◆ **EXERCISE OBJECTIVE**: Look through the data below. Collect every line where the word "have" occurs.
THE RECORDS: Begin
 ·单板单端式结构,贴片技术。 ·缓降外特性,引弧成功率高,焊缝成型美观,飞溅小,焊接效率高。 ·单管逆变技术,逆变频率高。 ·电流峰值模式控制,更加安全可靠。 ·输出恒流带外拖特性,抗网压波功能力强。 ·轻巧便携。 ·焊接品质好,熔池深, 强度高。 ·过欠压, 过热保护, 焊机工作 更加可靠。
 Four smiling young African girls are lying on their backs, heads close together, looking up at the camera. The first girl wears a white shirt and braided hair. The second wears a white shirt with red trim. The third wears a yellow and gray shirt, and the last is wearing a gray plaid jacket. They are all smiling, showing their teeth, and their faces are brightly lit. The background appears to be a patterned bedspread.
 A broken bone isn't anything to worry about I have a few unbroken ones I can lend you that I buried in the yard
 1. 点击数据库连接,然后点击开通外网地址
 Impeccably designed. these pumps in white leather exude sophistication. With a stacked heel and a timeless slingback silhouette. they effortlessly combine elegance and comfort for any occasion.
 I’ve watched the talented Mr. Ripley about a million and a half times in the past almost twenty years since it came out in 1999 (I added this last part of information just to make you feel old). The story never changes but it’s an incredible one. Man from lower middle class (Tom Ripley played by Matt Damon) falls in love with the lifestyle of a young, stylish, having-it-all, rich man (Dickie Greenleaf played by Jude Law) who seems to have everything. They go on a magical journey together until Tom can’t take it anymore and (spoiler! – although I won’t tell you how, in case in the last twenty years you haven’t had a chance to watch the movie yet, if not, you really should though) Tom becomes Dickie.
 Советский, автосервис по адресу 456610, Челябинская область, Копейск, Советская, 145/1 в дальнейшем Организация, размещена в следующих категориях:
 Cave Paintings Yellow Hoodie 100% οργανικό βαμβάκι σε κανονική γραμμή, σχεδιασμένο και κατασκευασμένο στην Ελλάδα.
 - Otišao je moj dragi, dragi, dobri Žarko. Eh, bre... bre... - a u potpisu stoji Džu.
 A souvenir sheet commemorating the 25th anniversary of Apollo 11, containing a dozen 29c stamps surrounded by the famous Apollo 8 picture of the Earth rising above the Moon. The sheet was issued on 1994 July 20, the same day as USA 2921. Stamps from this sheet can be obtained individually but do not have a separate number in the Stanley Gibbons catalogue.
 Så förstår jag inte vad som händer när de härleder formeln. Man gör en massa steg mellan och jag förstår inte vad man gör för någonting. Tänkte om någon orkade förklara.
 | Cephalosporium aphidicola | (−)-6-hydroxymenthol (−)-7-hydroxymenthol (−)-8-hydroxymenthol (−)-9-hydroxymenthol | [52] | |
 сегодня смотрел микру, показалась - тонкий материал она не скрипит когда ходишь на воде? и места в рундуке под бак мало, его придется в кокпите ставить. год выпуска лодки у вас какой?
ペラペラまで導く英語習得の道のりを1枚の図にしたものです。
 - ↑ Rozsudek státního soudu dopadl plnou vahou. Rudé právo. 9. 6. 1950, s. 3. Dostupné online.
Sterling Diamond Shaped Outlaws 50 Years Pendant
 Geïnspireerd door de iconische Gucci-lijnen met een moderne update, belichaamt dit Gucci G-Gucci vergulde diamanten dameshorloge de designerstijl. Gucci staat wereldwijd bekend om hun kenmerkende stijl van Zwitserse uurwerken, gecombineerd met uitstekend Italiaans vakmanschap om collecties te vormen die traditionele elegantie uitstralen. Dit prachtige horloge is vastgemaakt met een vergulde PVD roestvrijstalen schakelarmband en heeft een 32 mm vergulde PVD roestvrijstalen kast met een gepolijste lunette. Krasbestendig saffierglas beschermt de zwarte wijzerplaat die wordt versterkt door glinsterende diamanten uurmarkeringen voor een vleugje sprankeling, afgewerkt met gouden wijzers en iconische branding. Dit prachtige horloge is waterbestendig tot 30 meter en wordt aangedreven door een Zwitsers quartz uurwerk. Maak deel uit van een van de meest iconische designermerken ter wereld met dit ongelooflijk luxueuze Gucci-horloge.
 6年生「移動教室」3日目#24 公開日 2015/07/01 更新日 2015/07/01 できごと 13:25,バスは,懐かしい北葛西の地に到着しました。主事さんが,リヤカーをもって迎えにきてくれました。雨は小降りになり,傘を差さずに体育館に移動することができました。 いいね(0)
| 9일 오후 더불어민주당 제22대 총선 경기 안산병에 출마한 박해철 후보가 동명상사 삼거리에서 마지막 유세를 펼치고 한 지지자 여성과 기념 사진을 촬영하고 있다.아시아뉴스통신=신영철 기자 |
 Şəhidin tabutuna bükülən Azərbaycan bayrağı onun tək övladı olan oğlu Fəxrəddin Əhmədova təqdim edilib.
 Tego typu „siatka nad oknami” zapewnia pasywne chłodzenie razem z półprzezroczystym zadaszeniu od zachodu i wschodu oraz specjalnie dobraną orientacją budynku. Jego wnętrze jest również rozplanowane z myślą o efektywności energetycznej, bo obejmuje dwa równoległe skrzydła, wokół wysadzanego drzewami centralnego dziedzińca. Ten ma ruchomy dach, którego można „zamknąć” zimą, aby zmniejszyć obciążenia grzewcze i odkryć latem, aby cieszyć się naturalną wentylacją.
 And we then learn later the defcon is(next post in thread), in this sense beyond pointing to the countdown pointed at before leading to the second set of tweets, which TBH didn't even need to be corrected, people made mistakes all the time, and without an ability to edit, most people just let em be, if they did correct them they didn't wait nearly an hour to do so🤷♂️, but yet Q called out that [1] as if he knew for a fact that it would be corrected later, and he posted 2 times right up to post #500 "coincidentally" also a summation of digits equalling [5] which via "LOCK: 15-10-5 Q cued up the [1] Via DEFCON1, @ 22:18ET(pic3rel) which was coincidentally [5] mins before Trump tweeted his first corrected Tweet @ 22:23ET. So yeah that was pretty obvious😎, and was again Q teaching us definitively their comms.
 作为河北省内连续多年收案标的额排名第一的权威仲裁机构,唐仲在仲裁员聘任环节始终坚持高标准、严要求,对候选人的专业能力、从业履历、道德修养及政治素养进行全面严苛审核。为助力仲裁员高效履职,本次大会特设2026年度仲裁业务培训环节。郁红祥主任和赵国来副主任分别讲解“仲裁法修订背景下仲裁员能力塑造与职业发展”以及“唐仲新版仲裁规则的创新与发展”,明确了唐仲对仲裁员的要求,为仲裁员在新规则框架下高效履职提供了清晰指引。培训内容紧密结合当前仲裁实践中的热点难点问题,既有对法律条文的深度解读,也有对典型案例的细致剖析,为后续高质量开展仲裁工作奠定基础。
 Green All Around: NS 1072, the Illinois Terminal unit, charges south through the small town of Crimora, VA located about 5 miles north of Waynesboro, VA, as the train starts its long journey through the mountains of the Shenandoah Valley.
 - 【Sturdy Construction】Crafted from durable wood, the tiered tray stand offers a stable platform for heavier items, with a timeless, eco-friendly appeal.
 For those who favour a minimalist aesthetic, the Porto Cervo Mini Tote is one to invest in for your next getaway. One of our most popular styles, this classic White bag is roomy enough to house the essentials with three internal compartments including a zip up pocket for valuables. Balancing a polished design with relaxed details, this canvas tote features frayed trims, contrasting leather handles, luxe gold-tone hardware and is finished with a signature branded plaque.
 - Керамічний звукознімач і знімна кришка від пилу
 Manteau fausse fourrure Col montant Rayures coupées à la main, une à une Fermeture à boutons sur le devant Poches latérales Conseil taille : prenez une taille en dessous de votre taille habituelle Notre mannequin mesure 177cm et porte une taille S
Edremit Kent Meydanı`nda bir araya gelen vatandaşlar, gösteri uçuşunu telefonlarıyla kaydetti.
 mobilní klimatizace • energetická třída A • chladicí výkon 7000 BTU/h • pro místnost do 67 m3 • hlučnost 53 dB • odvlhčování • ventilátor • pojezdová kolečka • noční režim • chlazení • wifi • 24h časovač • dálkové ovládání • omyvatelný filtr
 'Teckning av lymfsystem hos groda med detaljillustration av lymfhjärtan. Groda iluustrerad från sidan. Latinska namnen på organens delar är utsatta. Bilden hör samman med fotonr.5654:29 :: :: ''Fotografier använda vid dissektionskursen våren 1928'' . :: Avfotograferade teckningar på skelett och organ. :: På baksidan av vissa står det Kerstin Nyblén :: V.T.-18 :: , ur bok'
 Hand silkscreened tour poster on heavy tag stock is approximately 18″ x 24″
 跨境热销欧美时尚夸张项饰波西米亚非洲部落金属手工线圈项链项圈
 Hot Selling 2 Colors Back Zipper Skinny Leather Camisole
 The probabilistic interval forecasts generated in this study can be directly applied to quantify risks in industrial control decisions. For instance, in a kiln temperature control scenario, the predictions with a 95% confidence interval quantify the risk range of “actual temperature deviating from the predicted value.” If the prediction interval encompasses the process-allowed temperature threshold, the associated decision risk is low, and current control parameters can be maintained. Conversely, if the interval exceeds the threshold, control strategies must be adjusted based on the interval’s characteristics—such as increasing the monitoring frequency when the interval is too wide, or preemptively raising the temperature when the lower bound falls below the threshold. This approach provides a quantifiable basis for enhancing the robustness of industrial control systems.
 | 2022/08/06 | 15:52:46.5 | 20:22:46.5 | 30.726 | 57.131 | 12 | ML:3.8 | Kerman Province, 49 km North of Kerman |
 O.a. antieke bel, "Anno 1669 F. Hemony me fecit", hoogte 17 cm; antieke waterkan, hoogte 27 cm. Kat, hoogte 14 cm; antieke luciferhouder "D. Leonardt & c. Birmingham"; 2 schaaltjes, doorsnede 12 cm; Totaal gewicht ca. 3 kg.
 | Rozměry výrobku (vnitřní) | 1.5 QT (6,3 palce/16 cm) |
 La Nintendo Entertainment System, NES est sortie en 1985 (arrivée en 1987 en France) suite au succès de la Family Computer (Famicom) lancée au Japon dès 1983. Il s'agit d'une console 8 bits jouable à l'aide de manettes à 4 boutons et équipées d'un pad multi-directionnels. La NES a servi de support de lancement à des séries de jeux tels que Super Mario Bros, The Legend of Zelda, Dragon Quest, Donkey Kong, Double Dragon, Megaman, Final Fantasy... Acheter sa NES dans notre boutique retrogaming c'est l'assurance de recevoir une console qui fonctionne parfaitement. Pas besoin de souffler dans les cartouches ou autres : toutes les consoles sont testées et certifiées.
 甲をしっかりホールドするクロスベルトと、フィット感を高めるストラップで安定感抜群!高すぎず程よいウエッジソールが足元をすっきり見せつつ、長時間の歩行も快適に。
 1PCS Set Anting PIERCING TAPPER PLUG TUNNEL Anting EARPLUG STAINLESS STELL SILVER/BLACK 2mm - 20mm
THE RECORDS: End
◆ **COMPLETED TASK**:
 A broken bone isn't anything to worry about I have a few unbroken ones I can lend you that I buried in the yard
 I’ve watched the talented Mr. Ripley about a million and a half times in the past almost twenty years since it came out in 1999 (I added this last part of information just to make you feel old). The story never changes but it’s an incredible one. Man from lower middle class (Tom Ripley played by Matt Damon) falls in love with the lifestyle of a young, stylish, having-it-all, rich man (Dickie Greenleaf played by Jude Law) who seems to have everything. They go on a magical journey together until Tom can’t take it anymore and (spoiler! – although I won’t tell you how, in case in the last twenty years you haven’t had a chance to watch the movie yet, if not, you really should though) Tom becomes Dickie.
 A souvenir sheet commemorating the 25th anniversary of Apollo 11, containing a dozen 29c stamps surrounded by the famous Apollo 8 picture of the Earth rising above the Moon. The sheet was issued on 1994 July 20, the same day as USA 2921. Stamps from this sheet can be obtained individually but do not have a separate number in the Stanley Gibbons catalogue.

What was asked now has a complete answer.